Hello,
I have installed Slackware64 14.2 on my Dell PowerEdge T110 II server. The Dell PowerEdge T110 II server has an Intel Xeon E3-1230 V2. However, I am having an issue with getting SR-IOV/IOMMU working properly with it. I am trying to use SR-IOV with my Intel Ethernet Server Adapter I350-T2. SR-IOV/IOMMU is enabled in the BIOS and kernel. I have added the option to enable 7 virtual functions which works properly on the host as can be seen below:
Code:
3: eth1: <BROADCAST,MULTICAST,UP,LOWER_UP> mtu 1500 qdisc mq state UP mode DEFAULT group default qlen 1000
link/ether a0:36:9f:87:b0:6a brd ff:ff:ff:ff:ff:ff
vf 0 MAC 00:00:00:00:00:00, spoof checking on, link-state auto
vf 1 MAC 00:00:00:00:00:00, spoof checking on, link-state auto
vf 2 MAC 00:00:00:00:00:00, spoof checking on, link-state auto
vf 3 MAC 00:00:00:00:00:00, spoof checking on, link-state auto
vf 4 MAC 00:00:00:00:00:00, spoof checking on, link-state auto
vf 5 MAC 00:00:00:00:00:00, spoof checking on, link-state auto
vf 6 MAC 00:00:00:00:00:00, spoof checking on, link-state auto
4: eth2: <BROADCAST,MULTICAST,UP,LOWER_UP> mtu 1500 qdisc mq state UP mode DEFAULT group default qlen 1000
link/ether a0:36:9f:87:b0:6b brd ff:ff:ff:ff:ff:ff
vf 0 MAC 00:00:00:00:00:00, spoof checking on, link-state auto
vf 1 MAC 00:00:00:00:00:00, spoof checking on, link-state auto
vf 2 MAC 00:00:00:00:00:00, spoof checking on, link-state auto
vf 3 MAC 00:00:00:00:00:00, spoof checking on, link-state auto
vf 4 MAC 00:00:00:00:00:00, spoof checking on, link-state auto
vf 5 MAC 00:00:00:00:00:00, spoof checking on, link-state auto
vf 6 MAC 00:00:00:00:00:00, spoof checking on, link-state auto
The problem is when I attempt to start a guest VM running on QEMU/KVM it says that "group 1 is not viable. Please ensure that all devices within the iommu_group are bound to their vfio bus driver." All of the virtual functions are using the igbvf module. The devices bound to IOMMU group 1 appears to be both of the I350-T2 network interfaces, and the PCIE root port as again can be seen below:
Code:
root@Power:~# find /sys/kernel/iommu_groups/ -type l | grep "iommu_groups/1"

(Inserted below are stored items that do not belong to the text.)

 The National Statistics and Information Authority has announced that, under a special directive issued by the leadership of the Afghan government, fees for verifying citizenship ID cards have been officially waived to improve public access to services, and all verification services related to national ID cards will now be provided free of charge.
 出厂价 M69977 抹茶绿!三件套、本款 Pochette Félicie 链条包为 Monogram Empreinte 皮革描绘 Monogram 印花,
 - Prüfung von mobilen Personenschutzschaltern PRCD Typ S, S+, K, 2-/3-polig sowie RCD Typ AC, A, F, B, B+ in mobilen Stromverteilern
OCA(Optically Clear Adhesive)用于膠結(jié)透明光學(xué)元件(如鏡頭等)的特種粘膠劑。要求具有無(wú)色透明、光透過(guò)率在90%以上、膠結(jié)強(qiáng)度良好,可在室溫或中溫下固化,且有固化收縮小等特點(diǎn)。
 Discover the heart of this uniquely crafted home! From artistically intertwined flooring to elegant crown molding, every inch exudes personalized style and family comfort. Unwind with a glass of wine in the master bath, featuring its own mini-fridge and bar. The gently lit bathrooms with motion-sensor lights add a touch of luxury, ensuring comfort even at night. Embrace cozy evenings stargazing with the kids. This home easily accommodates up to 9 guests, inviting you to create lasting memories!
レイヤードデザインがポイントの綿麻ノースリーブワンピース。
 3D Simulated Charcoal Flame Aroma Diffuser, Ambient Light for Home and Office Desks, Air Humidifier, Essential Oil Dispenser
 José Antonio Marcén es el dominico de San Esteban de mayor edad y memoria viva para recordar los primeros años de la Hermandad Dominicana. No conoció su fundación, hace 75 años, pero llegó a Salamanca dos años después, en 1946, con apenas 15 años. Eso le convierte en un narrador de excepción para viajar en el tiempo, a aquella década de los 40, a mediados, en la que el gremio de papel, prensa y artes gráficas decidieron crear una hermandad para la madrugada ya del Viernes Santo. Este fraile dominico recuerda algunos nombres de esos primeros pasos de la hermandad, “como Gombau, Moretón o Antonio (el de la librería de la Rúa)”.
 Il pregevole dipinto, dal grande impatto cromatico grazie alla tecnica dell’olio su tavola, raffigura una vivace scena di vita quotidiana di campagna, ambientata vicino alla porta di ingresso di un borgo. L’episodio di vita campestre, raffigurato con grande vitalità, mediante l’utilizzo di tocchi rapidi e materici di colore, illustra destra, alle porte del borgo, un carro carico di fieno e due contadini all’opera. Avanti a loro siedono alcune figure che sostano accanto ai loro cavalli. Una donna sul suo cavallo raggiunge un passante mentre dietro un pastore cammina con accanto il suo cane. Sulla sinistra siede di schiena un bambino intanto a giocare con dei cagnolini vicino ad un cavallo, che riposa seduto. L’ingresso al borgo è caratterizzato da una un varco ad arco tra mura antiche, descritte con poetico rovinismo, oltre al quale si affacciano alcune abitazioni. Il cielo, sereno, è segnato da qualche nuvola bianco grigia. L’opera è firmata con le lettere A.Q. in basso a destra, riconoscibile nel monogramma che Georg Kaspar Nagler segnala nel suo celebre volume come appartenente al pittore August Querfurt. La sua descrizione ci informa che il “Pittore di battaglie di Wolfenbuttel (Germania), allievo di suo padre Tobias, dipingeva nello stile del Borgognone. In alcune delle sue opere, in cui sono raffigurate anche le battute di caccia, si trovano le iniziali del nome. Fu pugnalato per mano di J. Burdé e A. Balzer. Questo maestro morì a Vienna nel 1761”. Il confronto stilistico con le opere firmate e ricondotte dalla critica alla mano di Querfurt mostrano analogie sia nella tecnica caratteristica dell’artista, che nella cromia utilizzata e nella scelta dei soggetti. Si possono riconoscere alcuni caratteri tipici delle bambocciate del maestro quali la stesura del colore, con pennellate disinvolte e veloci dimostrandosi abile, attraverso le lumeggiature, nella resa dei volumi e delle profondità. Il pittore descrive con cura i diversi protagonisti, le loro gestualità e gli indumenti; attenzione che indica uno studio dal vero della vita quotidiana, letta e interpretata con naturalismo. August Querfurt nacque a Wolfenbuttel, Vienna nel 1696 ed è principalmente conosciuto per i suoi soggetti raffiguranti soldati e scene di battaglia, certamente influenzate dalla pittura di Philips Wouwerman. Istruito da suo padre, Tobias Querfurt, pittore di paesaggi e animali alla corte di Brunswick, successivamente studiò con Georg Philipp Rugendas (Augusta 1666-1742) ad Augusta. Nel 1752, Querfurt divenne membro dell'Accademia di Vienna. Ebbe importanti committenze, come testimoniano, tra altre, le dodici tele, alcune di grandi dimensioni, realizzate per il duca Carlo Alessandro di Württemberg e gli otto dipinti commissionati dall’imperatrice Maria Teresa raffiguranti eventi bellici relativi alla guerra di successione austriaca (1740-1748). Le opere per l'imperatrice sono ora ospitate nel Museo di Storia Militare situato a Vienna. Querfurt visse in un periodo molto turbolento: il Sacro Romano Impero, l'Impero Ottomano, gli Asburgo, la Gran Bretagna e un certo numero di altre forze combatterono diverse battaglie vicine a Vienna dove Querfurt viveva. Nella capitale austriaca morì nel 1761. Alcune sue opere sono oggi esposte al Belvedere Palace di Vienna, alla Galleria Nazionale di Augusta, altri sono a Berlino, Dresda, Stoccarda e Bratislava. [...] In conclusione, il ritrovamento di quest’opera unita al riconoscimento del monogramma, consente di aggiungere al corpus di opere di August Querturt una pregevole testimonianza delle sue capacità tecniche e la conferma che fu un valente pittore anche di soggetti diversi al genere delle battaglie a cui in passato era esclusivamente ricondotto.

/sys/kernel/iommu_groups/1/devices/0000:00:01.0
/sys/kernel/iommu_groups/1/devices/0000:01:00.0
/sys/kernel/iommu_groups/1/devices/0000:01:00.1
/sys/kernel/iommu_groups/1/devices/0000:02:10.0
/sys/kernel/iommu_groups/1/devices/0000:02:10.1
/sys/kernel/iommu_groups/1/devices/0000:02:10.4
/sys/kernel/iommu_groups/1/devices/0000:02:10.5
/sys/kernel/iommu_groups/1/devices/0000:02:11.0
/sys/kernel/iommu_groups/1/devices/0000:02:11.1
/sys/kernel/iommu_groups/1/devices/0000:02:11.4
/sys/kernel/iommu_groups/1/devices/0000:02:11.5
/sys/kernel/iommu_groups/1/devices/0000:02:12.0
/sys/kernel/iommu_groups/1/devices/0000:02:12.1
/sys/kernel/iommu_groups/1/devices/0000:02:12.4
/sys/kernel/iommu_groups/1/devices/0000:02:12.5
/sys/kernel/iommu_groups/1/devices/0000:02:13.0
/sys/kernel/iommu_groups/1/devices/0000:02:13.1
root@Power:~# lspci -v | grep 00:01.0
00:01.0 PCI bridge: Intel Corporation Xeon E3-1200 v2/3rd Gen Core processor PCI Express Root Port (rev 09) (prog-if 00 [Normal decode])
root@Power:~# lspci -v | grep 01:00.0
01:00.0 Ethernet controller: Intel Corporation I350 Gigabit Network Connection (rev 01)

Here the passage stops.